Что делает одних бедными, а других богатыми?
Причины ему пока еще неясны. Но несправедливость королевских чиновников к беднякам вопиюща, жизнь бедняков ужасна. Как же не встать на защиту тех, кто своими руками кормит и одевает весь мир?
Маркс еще раз просмотрел подготовленный к печати номер газеты. С каждым днем «Рейнская» все более страстно вступается за обманутых бедняков, отстаивает свободу слова, требует наказания наиболее жестоких чиновников.
Маркс размашисто подписывает и зовет посыльного.
– К цензору!
Он не успевает снова углубиться в работу, как посыльный возвращается : жирный красный карандаш безжалостно перечеркнул страницы: номер запрещен!
Ярость охватывает молодого редактора. Но с этим тупым чиновником он будет говорить спокойно.
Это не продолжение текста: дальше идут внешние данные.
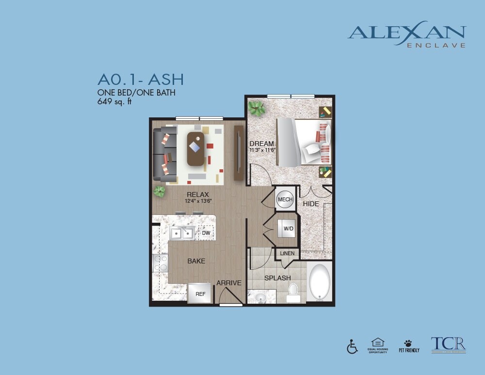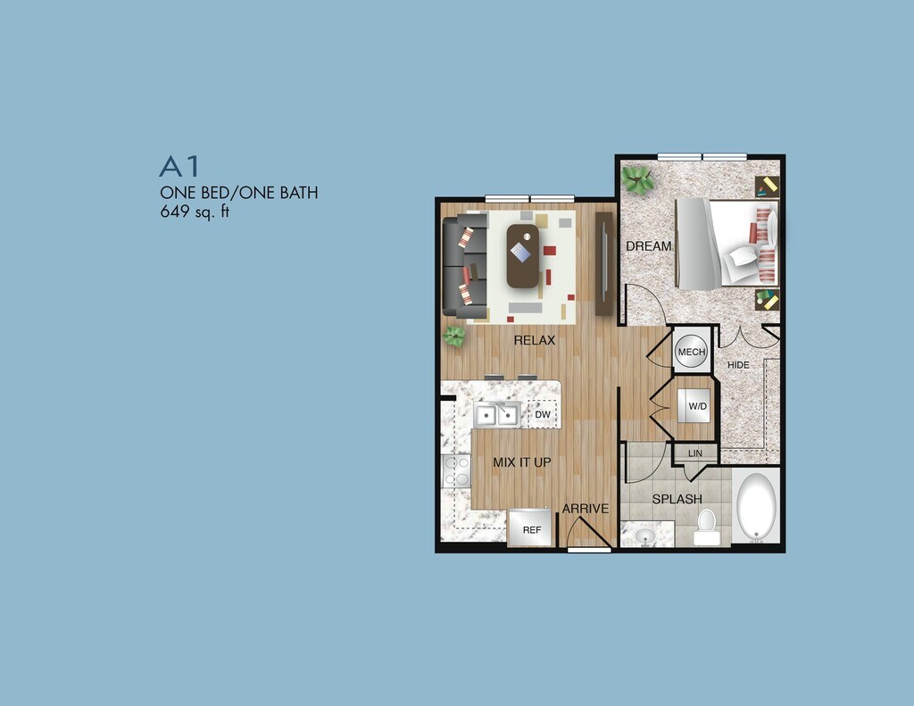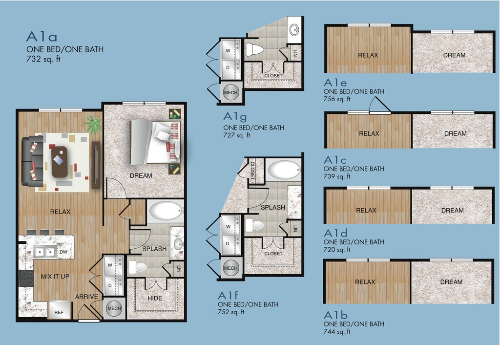 Apartment Model: A1a - A1g1 Bedroom, 1 Bath, 720-756 sq ftAvailable Now![]()

После долгого спора ему удается отстоять большинство материалов.
Но нервное напряжение дает себя знать. В редакцию он возвращается раздраженный и усталый. Эта постоянная война с цензором страшно изнуряет. Так нужна сейчас дружеская поддержка…
Правда, рядом Рутенберг. Но что-то непонятное происходит между ними в последнее время. Словно говорят они на разных языках. Вот он написал статью… Карл, поморщившись, перелистал рукопись. Нет, тяжелого разговора снова не избежать…
Рутенберг вошел и остановился у дверей. Во взгляде тревога и упрямство.
– Проходи, Адольф. – Карл ладонью похлопал по рукописи. – Поговорим.
– Что, снова не нравится?
– Адольф, мы с тобой говорим, как глухие. При чем тут «нравится»? Не для меня же ты пишешь! Ну посмотри, – он схватил рукопись, – ни одного жизненного факта! Ни одного конкретного вывода! Ты прекрасный стилист, не спорю. Но пишешь так, словно наша газета адресована исключительно членам «Докторского клуба».
– Квалифицированных и зрелых редакторов, – Рутенберг подчеркивает каждое слово, – моя работа всегда удовлетворяла.
Маркс вспыхнул и встал.
– Возьми статью и переделай, как я прошу. Иначе она не пойдет.
Вечером в кафе, где обычно обедают сотрудники редакции, Карл услышал за спиной приглушенный голос Рутенберга:
– Для некоторых теперь и Бруно Бауэр не авторитет! – Послышались изумленные возгласы собеседников.
Маркс, не оглядываясь, вышел. На душе было пусто и горько. Да, у них с Бруно в последнее время тоже что-то разладилось.
Бруно не понимает, не хочет понимать того, что так волнует Карла. Доктор Бауэр сочувствует жалкой участи бедняков, может подать щедрую милостыню, если они попадутся ему на пути. Философ же Бауэр не интересуется теми, кто не способен мыслить и «заботится только о своем желудке». Дело истинного философа, поучает он, доказать свою правоту в спорах с церковниками, разоблачать их ложь перед королем и интеллигенцией. А чернь, эта некритическая масса…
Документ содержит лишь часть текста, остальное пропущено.